Mon, Apr 02, 2007 - Page 12 News List

Private-equity funds beneficial: analysts

WATCHFUL EYE The funds' interest in Taiwan has raised fears that heavyweight firms could be delisted, weakening the capital market and leading to investment outflow

By Amber Chung  /  STAFF REPORTER

Private-equity funds' drive to take over publicly traded firms around the globe will not shrink stock exchanges worldwide and is likely to lead to an initial public offering (IPO) global boom in the next two years, analysts said.

Takeover offers made by private equity shops could provide a premium to shareholders as high as 30 percent to 40 percent and in turn underpin stock prices, Oliver Tant, global head of private equity at KPMG UK, said in a media briefing in Taipei last week.

KPMG organized a forum on the rising power of private equity shops in Taipei last week.

Despite the fact that an increasing number of public companies are being made private after being bought out, this will not impact on stock markets, as private-equity funds seek returns by having those firms listed and disposing their shareholdings on the public market again, he said.

David Nott, KPMG Transaction Services' Asia-Pacific head, forecast the scale of IPOs around the globe over the next two years could exceed that of the past decade.

Private-equity shops raise funds on the private market from interested parties like institutional investors and pension funds.
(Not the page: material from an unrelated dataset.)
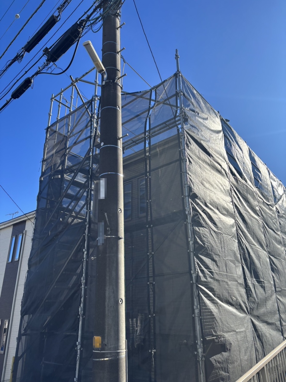 住所:埼玉県新座市 施工内容:戸建足場架設工事用途:屋根・外壁塗装工事先日、埼玉県新座市にて戸建(250㎡)足場架設工事を行いました。2名作業で、約3時間にて無事作業終了いたしました。T様、いつもご依頼いただきありがとうございます。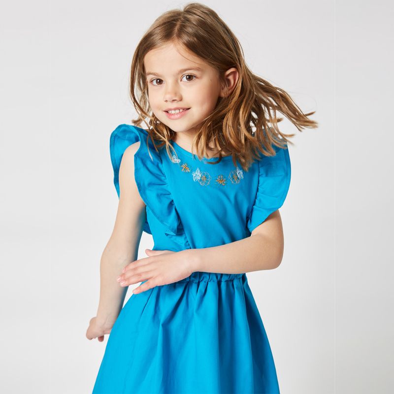 Confectionnée avec soin, cette robe chic en popeline bleu océan en coton offre une qualité exceptionnelle et une durabilité. Elle est également facile à entretenir, offrant une solution pratique pour les parents occupés.

They usually buy majority holdings in companies or entire business units for restructuring.

They delist and make the targets private for restructuring for three to seven years and reap profits by selling the targets on existing capital markets, such as stock exchanges.

Private-equity funds have put themselves in the limelight following a series of aggressive acquisition deals, such as Kohlberg Kravis Roberts & Co (KKR) and Texas Pacific Group's (TPG) record US$45-billion leverage buyout of TXU Corp, and Blackstone's US$40-billion takeover of Equity Office Properties Trust.

Transactions that are brewing include KKR and billionaire Stefano Pessina's bid for Alliance Boots PLC for US$19.8 billion and TPG's offer to buy out Iberia Lineas Aereas de Espana SA for US$4.5 billion.

Vince Feng (馮文石), managing director of General Atlantic LLC, said he expects private equity firms to continue to grow and believes no company will be too big for them to take private.

Up to US$400 billion in funds were raised by the private equity industry last year and the rise of mega funds totaling as much as US$20 billion is expected in the future, KPMG said.

As Asian markets become rising investment destinations, private-equity shops are also interested in Taiwan, which has world-class manufacturing and high-technology sectors, Nott said.

Carlyle Group's takeover bid for Advanced Semiconductor Engineering Inc (日月光半導體), the world's top chip packager, for US$5.45 billion, set a record in Taiwan.

Yet the private-equity funds' interest in Taiwan's biggest sectors has raised regulator's eyebrows for fear that heavyweight companies could be delisted, weakening the local capital market and leading to an outflow of investment into China.

Financial Supervisory Commission spokesperson Susan Chang (張秀蓮) cited a report by the UK Financial Services Authority, saying that they are concerned about risks related to private-equity buyouts, including excessive leverage, market abuse and opacity, and conflicts of interests.

"Many countries have noticed the risks and are formulating regulations governing private-equity activities. Taiwan is no exception," Chang said, adding that the authority cares about the impact on shareholders' rights and interests and the overall capital market, and would demand information disclosures in regulating private firms.